2. Achieving very high throughput using the in-cluster storage backend, etcd, is [challenging](https://etcd.io/docs/v3.5/op-guide/performance/). Hence, Armada performs queueing and scheduling out-of-cluster using a specialized storage layer. This allows Armada to maintain queues composed of millions of jobs.
3. The default [kube-scheduler](https://kubernetes.io/docs/reference/command-line-tools-reference/kube-scheduler/) is not suitable for batch. Instead, Armada includes a novel multi-Kubernetes cluster scheduler with support for important batch scheduling features, such as:
- Fair queuing and scheduling across multiple users. Based on dominant resource fairness.
- Resource and job scheduling rate limits.
- Gang-scheduling, i.e., atomically scheduling sets of related jobs.
- Job preemption, both to run urgent jobs in a timely fashion and to balance resource allocation between users.

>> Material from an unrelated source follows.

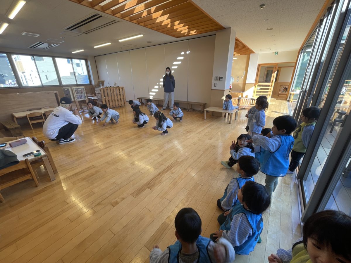 じゃんけんをしていると「チョキだした!」とチョキを出そうとしていましたが少し難しく、苦戦しているとお友だちが「こーやるんやで!」と見せながら教えてくれ、上手にできると「できた!」「もう1回じゃんけんしよ!」と繰り返し楽しんでいました。

Armada also provides features to help manage large compute clusters effectively, including:

- Detailed analytics exposed via [Prometheus](https://prometheus.io/) showing how the system behaves and how resources are allocated.
- Automatically removing nodes exhibiting high failure rates from consideration for scheduling.
- A mechanism to earmark nodes for a particular set of jobs, but allowing them to be used by other jobs when not used for their primary purpose.

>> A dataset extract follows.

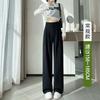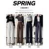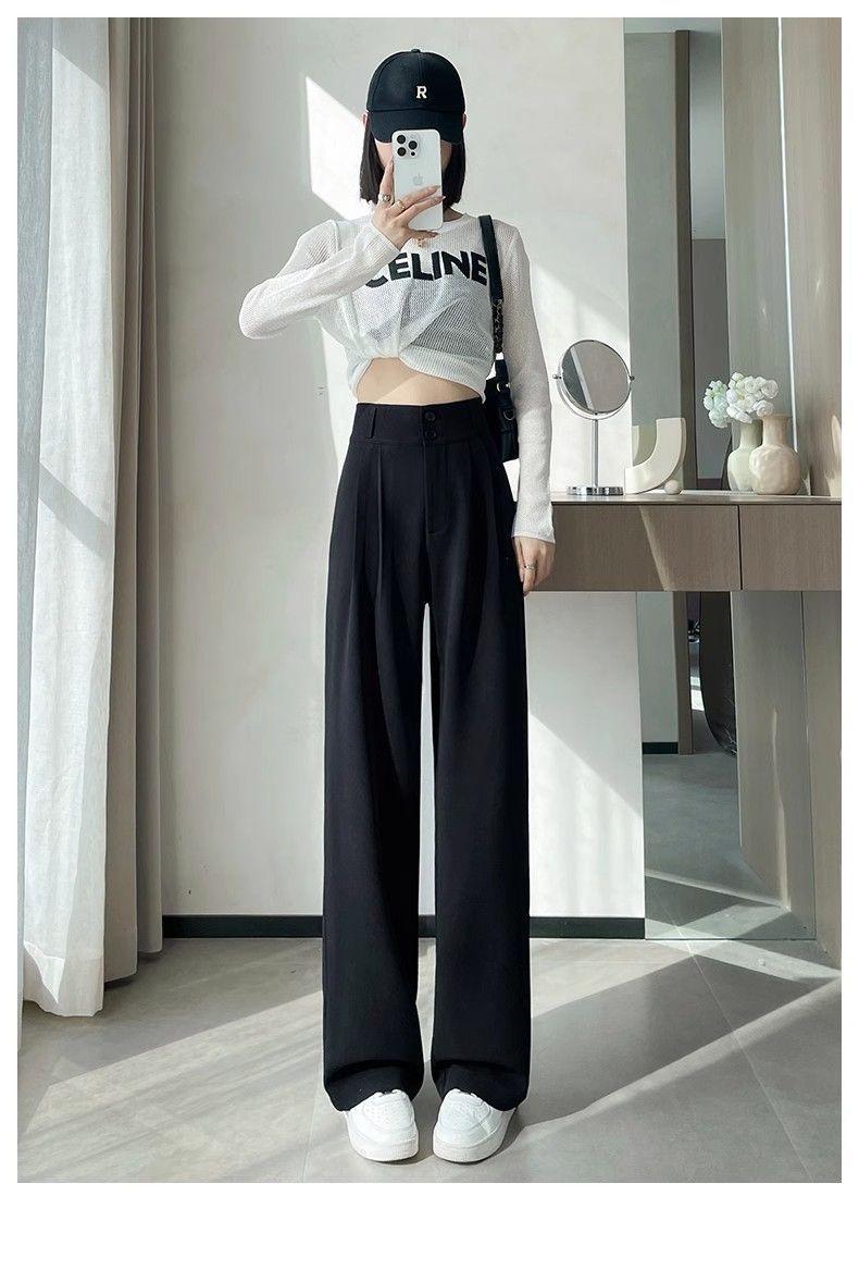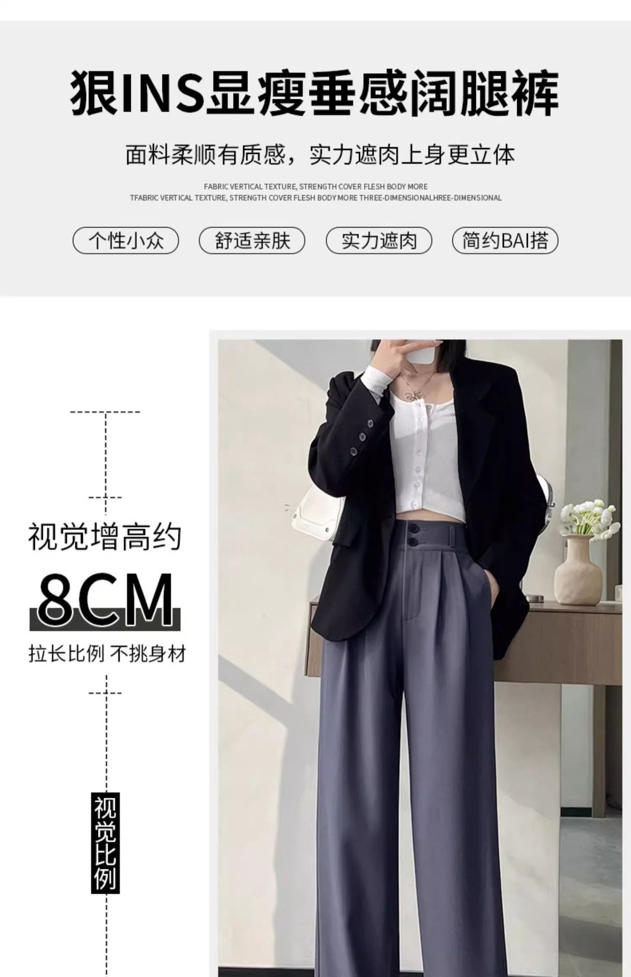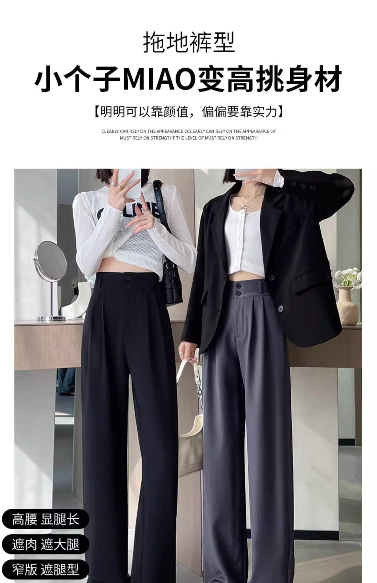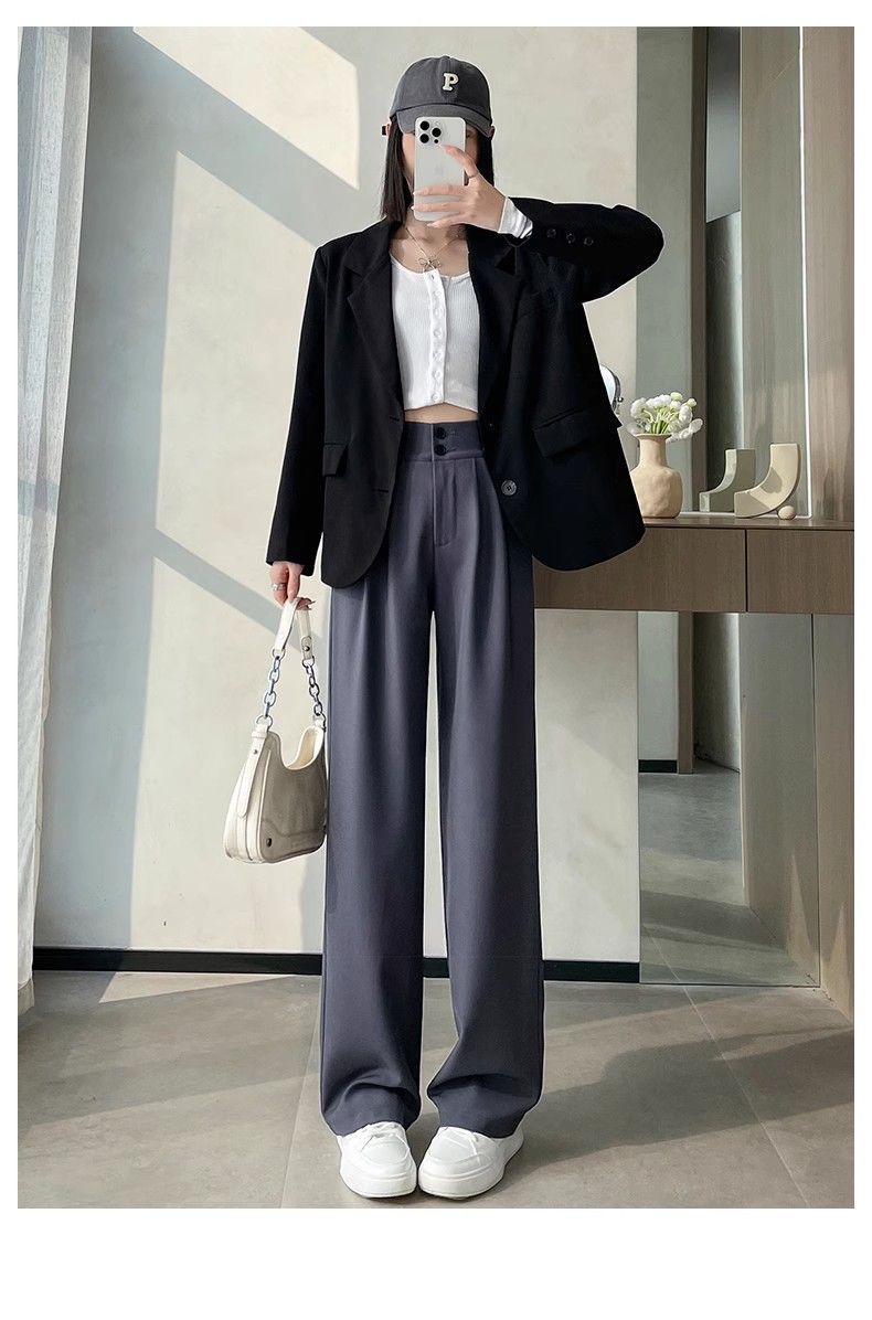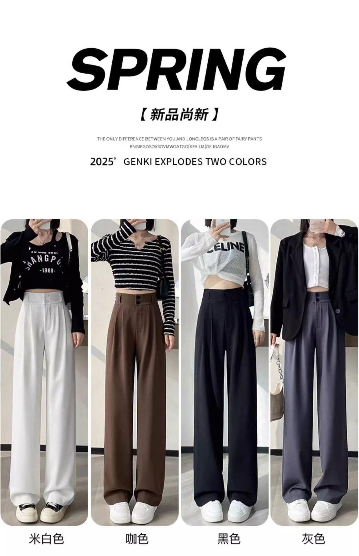 Calças de Perna Larga Novas de Primavera 2025 Cinza Calças de Alfaiataria de Alta Qualidade Femininas Femininas Cintura Alta Folgadas Pequenas Retas

Armada is designed with the enterprise in mind; all components are secure and highly available.

Armada is a [CNCF](https://www.cncf.io/) Sandbox project and is used in production at [G-Research](https://www.gresearch.co.uk/).

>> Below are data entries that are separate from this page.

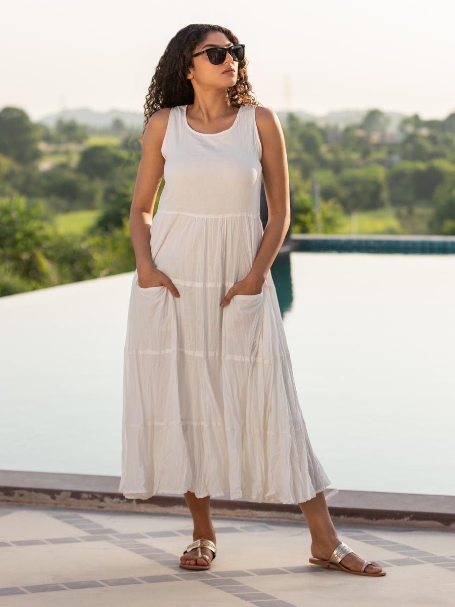 Ivory Love Sleeveless Cotton Dress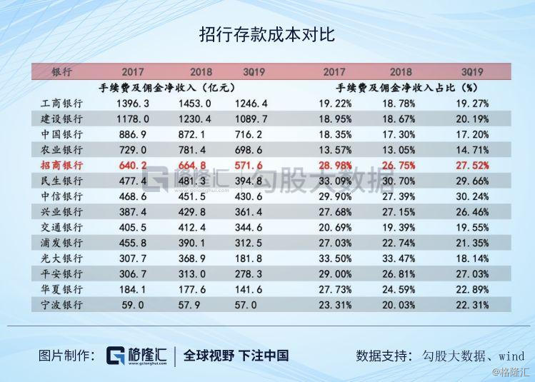 而扩大非息收入是另一个保证银行不受经济周期影响的增长点,而且非息收入不用消耗银行的资本金,是银行实现轻资产增长的必争之地。19年前三季度招行中间收入规模571.6亿元,仅次于中、农、工、建四大行;在营收中占比达27.5%,仅次于中信和民生,较10年提升11.6pct。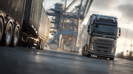 Modern semi-truck delivering shipping container near a cargo ship and port cranes.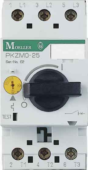 Motorschutzschalter nach IEC/EN60947, 3-polig Baugröße PKZM0, mit einstellbaren Überlast- und unverzögertem Kurzschlußauslöser, phasenausfallempfindlich, Schraub und Schnappmontage, mit Schraubklemmen, Kappeneinbaumaß 45mm, Bemessungsbetriebsspannung Ue 690V, Schutzart IP20, fingersicher nach VDE 0106 T. 100, lieferbares Zubehör: Hilfsschalter, Spannungsauslöser, Schaltantrieb, Clipsplatte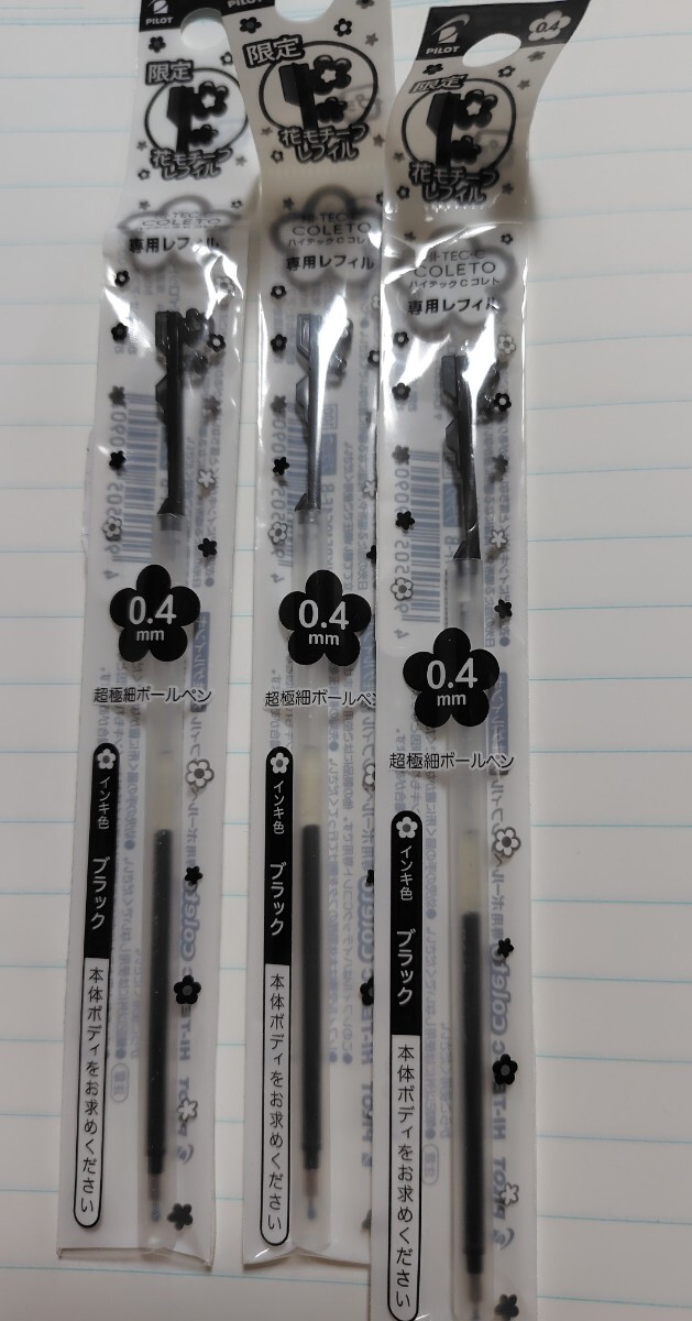 - ジェル ボールペン ♪パイロット 黒色 ♪ ハイテックcコレト♪花モチーフ♪0.4♪樹脂玉ついてます♪3本♪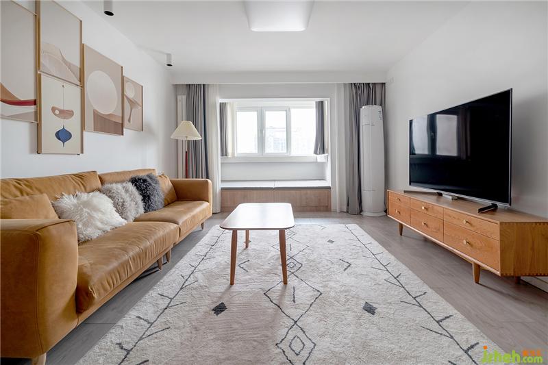 沙櫻桃木的家具與焦糖色的沙發(fā)相得益彰,配色讓整體的空間更加融洽,沙發(fā)背景沒有做復(fù)雜的處理,屋主自選了幾副裝飾畫點(diǎn)綴。淺灰色的復(fù)合地板,搭配白麻地毯,提升了不少舒適性。

For an overview of Armada, see the following videos:

- [Armada - high-throughput batch scheduling](https://www.youtube.com/watch?v=FT8pXYciD9A)
- [Building Armada - Running Batch Jobs at Massive Scale on Kubernetes](https://www.youtube.com/watch?v=B3WPxw3OUl4)

The Armada project adheres to the CNCF [Code of Conduct](https://github.com/cncf/foundation/blob/master/code-of-conduct.md).

## Installation

### Armada Operator

For installation instructions, easiest way is to use the Armada Operator.
For more information, see the [Armada Operator repository](https://github.com/armadaproject/armada-operator).

Alternatively, you can install Armada manually by using the Helm charts defined in the `deployment` directory.

### armadactl

Armada also provides a command-line interface, `armadactl`, which can be used to interact with the Armada system.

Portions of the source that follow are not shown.